JupyterLab will eventually replace Jupyter notebook. Lab offers a much more IDE like experience with better collaboration for coders, including debuggers and other extensions that help coders tremendously. Notebook interfaces are notorious for producing dirty code. While JupyterLab is not perfect, it helps to organize code and supporting files and folders more effectively than a standalone notebook. It would enhance the quality of code in python recipes on the flow due to better documentation features and markdown + console support in a single view. Consoles would allow for more effective testing and keep books clean. My team spends a ton of time surfing through old code and test code in notebooks. Thus we spend a significant amount of time "productionizing" code in Dataiku before projects can be merged to main and deployed to auto.

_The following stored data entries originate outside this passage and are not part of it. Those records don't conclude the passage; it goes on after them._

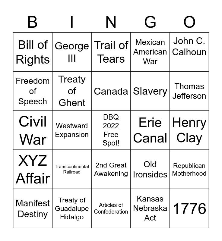This bingo card has a free space and 24 words: Manifest Destiny, Transcontinental Railroad, Canada, Kansas Nebraska Act, John C. Calhoun, Bill of Rights, George III, Trail of Tears, Erie Canal, Henry Clay, Civil War, Treaty of Ghent, Old Ironsides, Republican Motherhood, Freedom of Speech, Treaty of Guadalupe Hidalgo, Articles of Confederation, Mexican American War, Thomas Jefferson, XYZ Affair, Westward Expansion, 2nd Great Awakening, Slavery and 1776.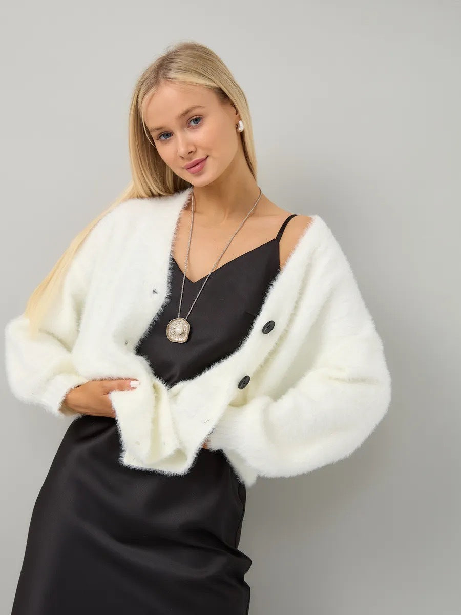Damen Flauschiger Cardigan mit tiefem V-Ausschnitt und Knopfdetails Merchesia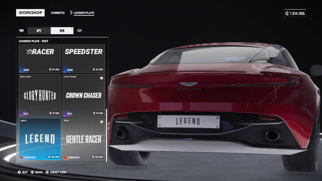 汽车定制也得到了扩展,包括新的轮圈设计和定制车牌,允许您添加彩色背景或更改文本。但是,您无法添加自己的文本,大概是为了阻止您添加顽皮的单词。有些价格昂贵得令人眼花缭乱:一张镶金的车牌将花费你高达 350,000 的积分。嗯,不用了,谢谢。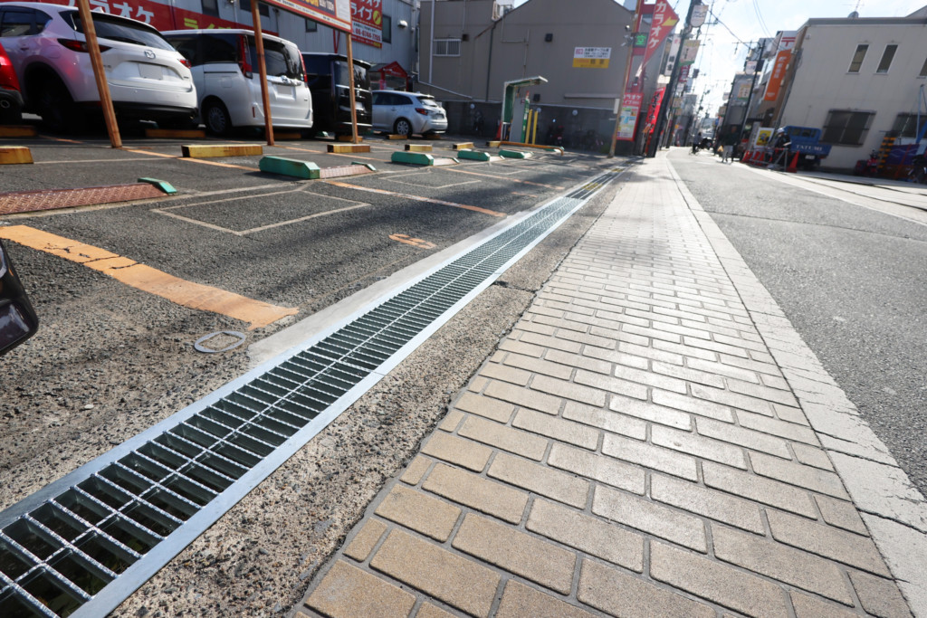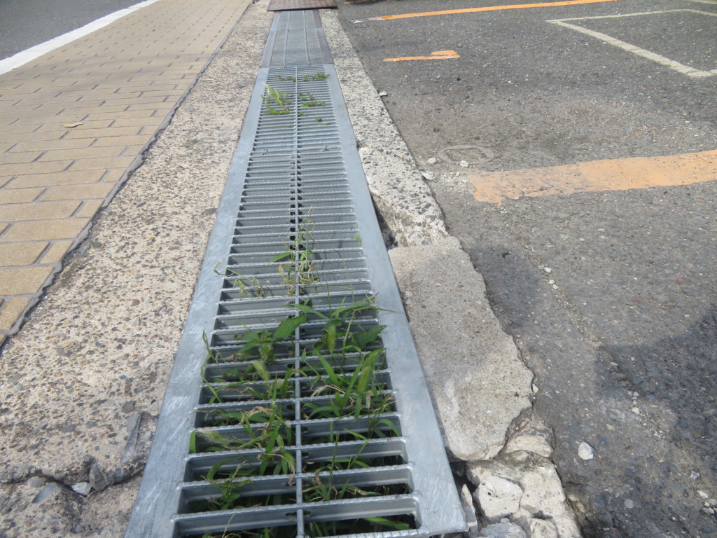 | 劣化したグレーチングを撤去、損傷した側溝を斫り、速乾性のモルタルで側溝を補修、新たにグレーチングを設置、また鉄板下の側溝も補修し、鉄板のビスが外れていた為、新たに固定しました。 |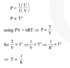 Consider a spherical shell of radius $\mathrm{R}$ at temperature $\mathrm{T}$. The black body radiation inside it can be considered as an ideal gas of photons with internal energy per unit volume $\mathrm{u}=\frac{\mathrm{U}}{\mathrm{V}} \propto \mathrm{T}^{4}$ and pressure $\mathrm{p}=\frac{1}{3}\left(\frac{\mathrm{U}}{\mathrm{V}}\right)$. If the shell now undergoes an adiabatic expansion the relation between $\mathrm{T}$ and $\mathrm{R}$ is -

Default features like expanding and collapsing, dragging and dropping cells help organize and enhance collaboration. Side by side views and window organization help coders to be more effective on the Dataiku platform.
One key feature that's highly enjoyable for collaboration is kernel sharing. My team is global and all virtual now because of COVID. With standard Jupyter notebooks, our data science leads need to re-run time intensive/costly cells to catch up to a point where an analyst or another colleague needs help.
A user could push various notebooks in a lab session to the flow sequentially. One potential aspect to account for is the inherent filesystem.